▶ Records shown
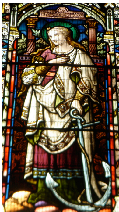
Figure 10. Charity with an Anchor , 1876

Note the distinction between the “words of eternal life” — meaning the sure promise of exaltation that can only be received in an anticipatory way “in this world” — and “eternal life” itself, which will be given “in the world to come.”
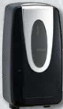
P-1200-T-F-B/C-PL Touchless CleanShot Dispenser 1000/1200 mL Foam, Black/Chrome
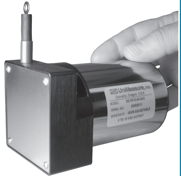
HX Series Ranges to 80" (2 m)
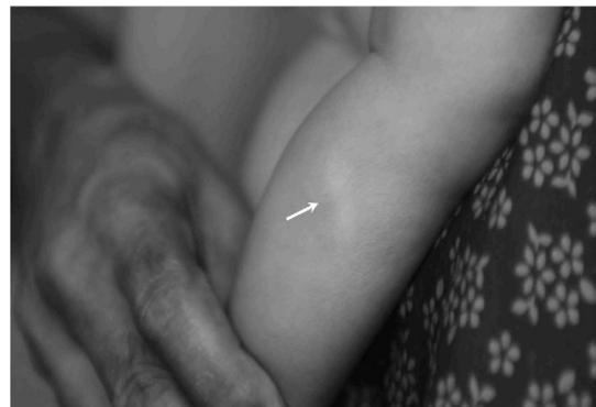
Figure 1. Lower limb of the child showing ash leaf hypopigmented macules

Since the child had no features of valvular obstruction, arrhythmias or CHF, the parents were advised to follow up regularly. Echocardiogram performed after 4 months showed that there was a significant regression in the size of the tumor.
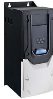
AC Drive VD i 1100 ... 16000/3Pro/IP55
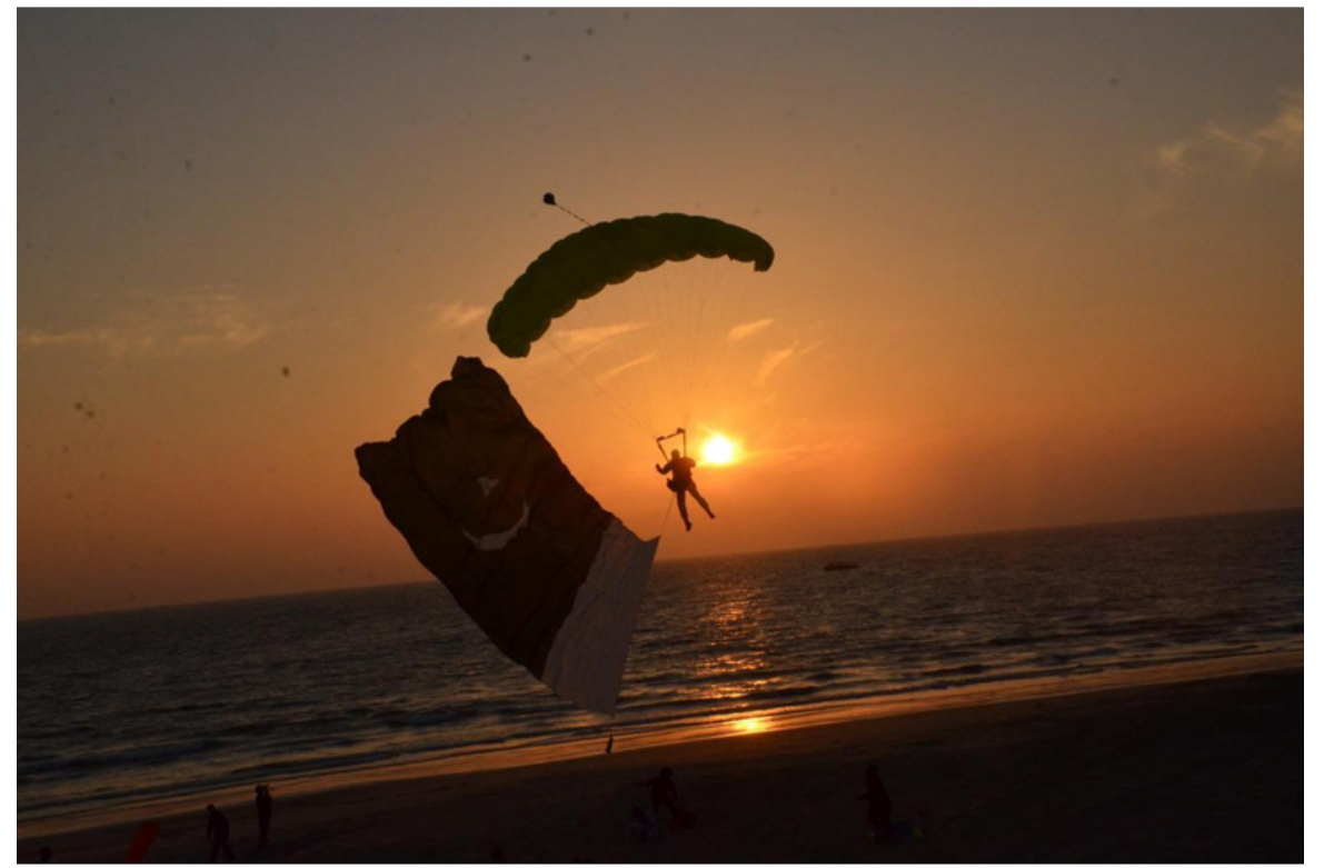
KARACHI: A paratrooper demonstrating his skills during multi-national AMAN-2021 Navy exercises.

Pakistan condemns killing of Turkish people
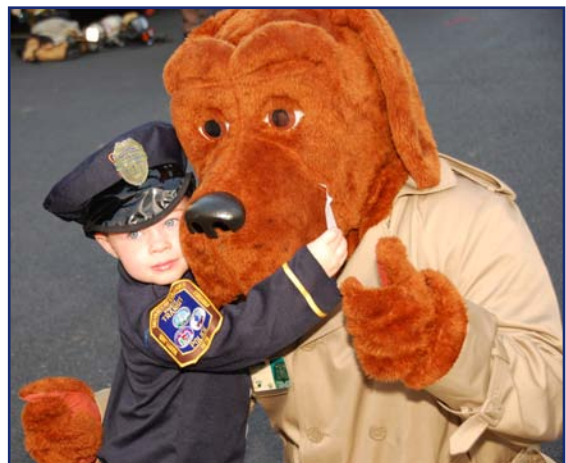
McGruff is embraced by a junior officer.

National Night Out events are designed to heighten awareness of crime and drug prevention, generate support for and participation in local anti-crime efforts, strengthen neighborhood spirit and police-community partnerships and send a message to criminals that neighborhoods are organized and won't tolerate criminal activity.
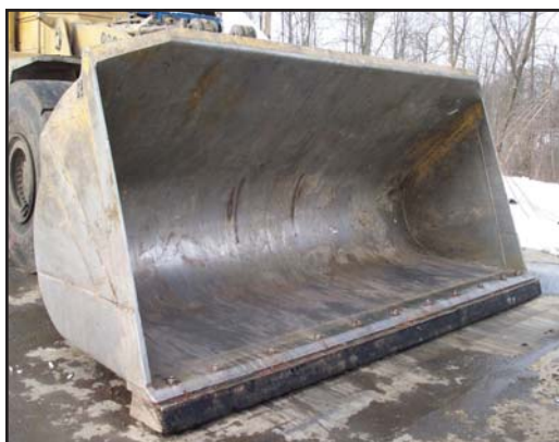
(Shown without spillguard)

Cutting Edge Options - Set up your TH Bucket specifically for your operation. Bolt-on rubber edges or your favorite reversible bolt-on edges are available.
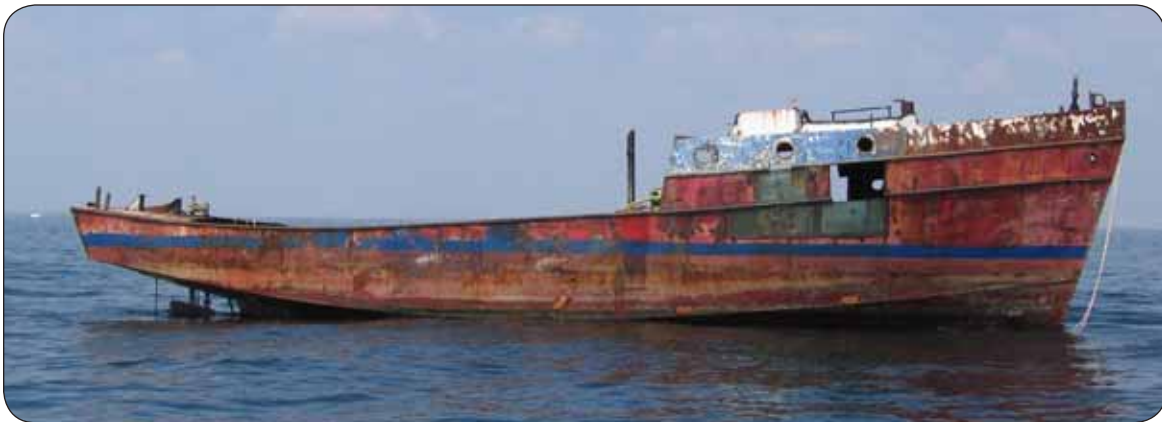
The 5th vessel deployed on the Townsends Inlet Reef, a 77-foot commercial fishing boat.

FACT: Townsends Inlet reef site is the newest addition to the New Jersey artificial reef network. Since 2005, 8,406 cubic yards of reef material have been placed on the reef.
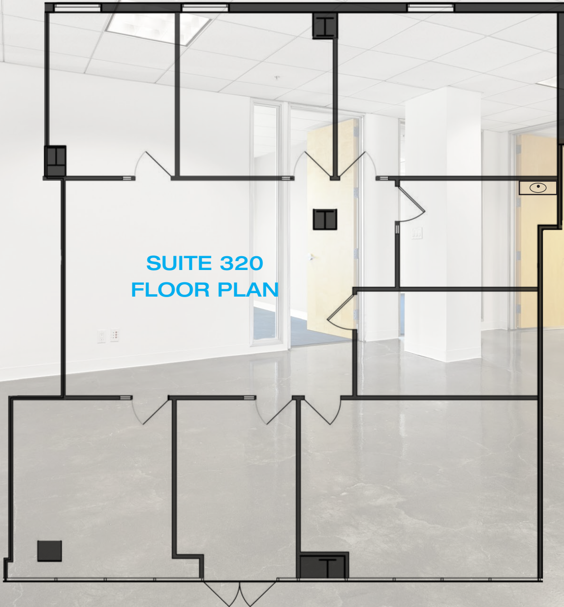
SUITE 320 FLOOR PLAN

MEDICAL OFFICE SPACE | $3.30 PSF, FSG | 2,601 SQFT
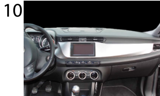
10 Clip the fascia into place. Installation is now complete
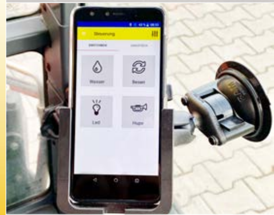
Startup screen of Smartphone control
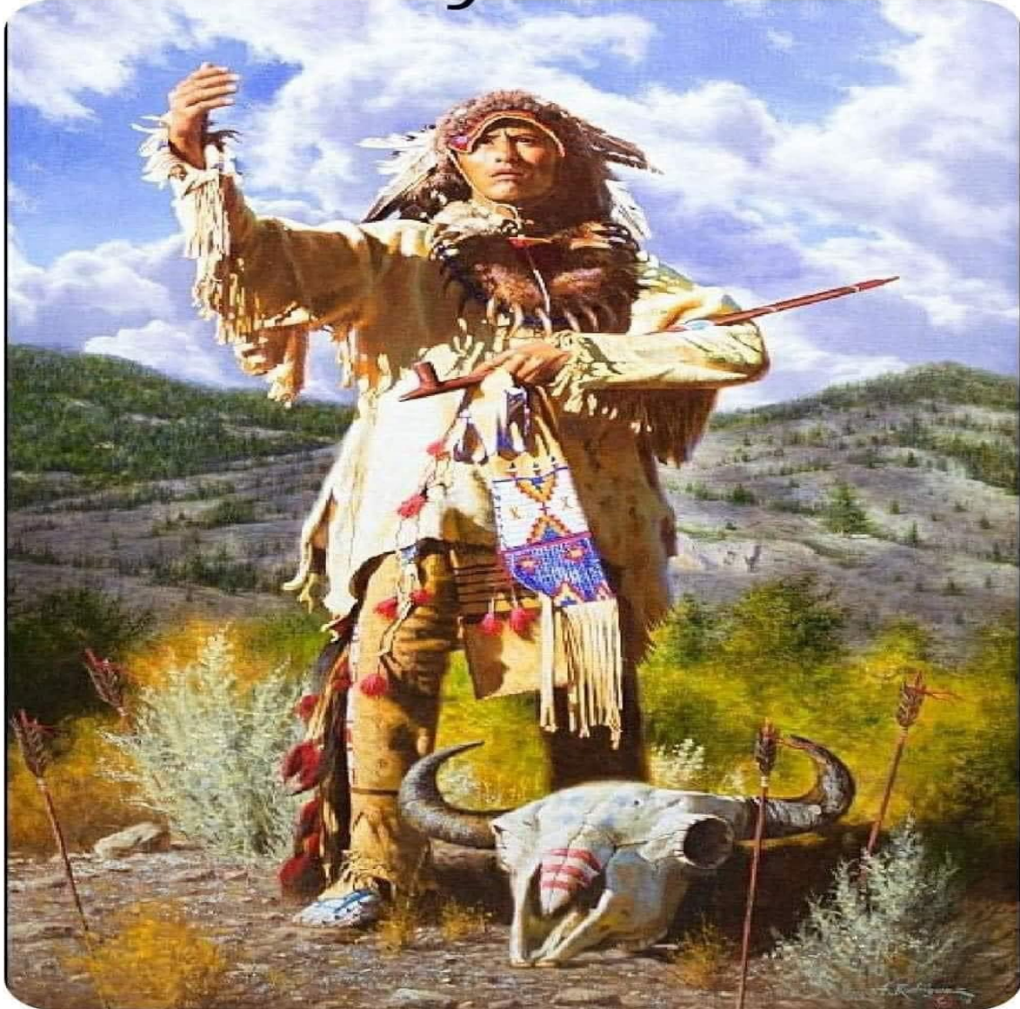
(1&2 Pre Columbian America)

I'd like to acknowledge that I am on my own land

▶ Problem to solve
Repeat the listing above word for word and leave its images out.

▶ Response to the task
Figure 10. Charity with an Anchor , 1876

Note the distinction between the “words of eternal life” — meaning the sure promise of exaltation that can only be received in an anticipatory way “in this world” — and “eternal life” itself, which will be given “in the world to come.”
P-1200-T-F-B/C-PL Touchless CleanShot Dispenser 1000/1200 mL Foam, Black/Chrome
HX Series Ranges to 80" (2 m)
Figure 1. Lower limb of the child showing ash leaf hypopigmented macules

Since the child had no features of valvular obstruction, arrhythmias or CHF, the parents were advised to follow up regularly. Echocardiogram performed after 4 months showed that there was a significant regression in the size of the tumor.
AC Drive VD i 1100 ... 16000/3Pro/IP55
KARACHI: A paratrooper demonstrating his skills during multi-national AMAN-2021 Navy exercises.

Pakistan condemns killing of Turkish people
McGruff is embraced by a junior officer.

National Night Out events are designed to heighten awareness of crime and drug prevention, generate support for and participation in local anti-crime efforts, strengthen neighborhood spirit and police-community partnerships and send a message to criminals that neighborhoods are organized and won't tolerate criminal activity.
(Shown without spillguard)

Cutting Edge Options - Set up your TH Bucket specifically for your operation. Bolt-on rubber edges or your favorite reversible bolt-on edges are available.
The 5th vessel deployed on the Townsends Inlet Reef, a 77-foot commercial fishing boat.

FACT: Townsends Inlet reef site is the newest addition to the New Jersey artificial reef network. Since 2005, 8,406 cubic yards of reef material have been placed on the reef.
SUITE 320 FLOOR PLAN

MEDICAL OFFICE SPACE | $3.30 PSF, FSG | 2,601 SQFT
10 Clip the fascia into place. Installation is now complete
Startup screen of Smartphone control
(1&2 Pre Columbian America)

I'd like to acknowledge that I am on my own land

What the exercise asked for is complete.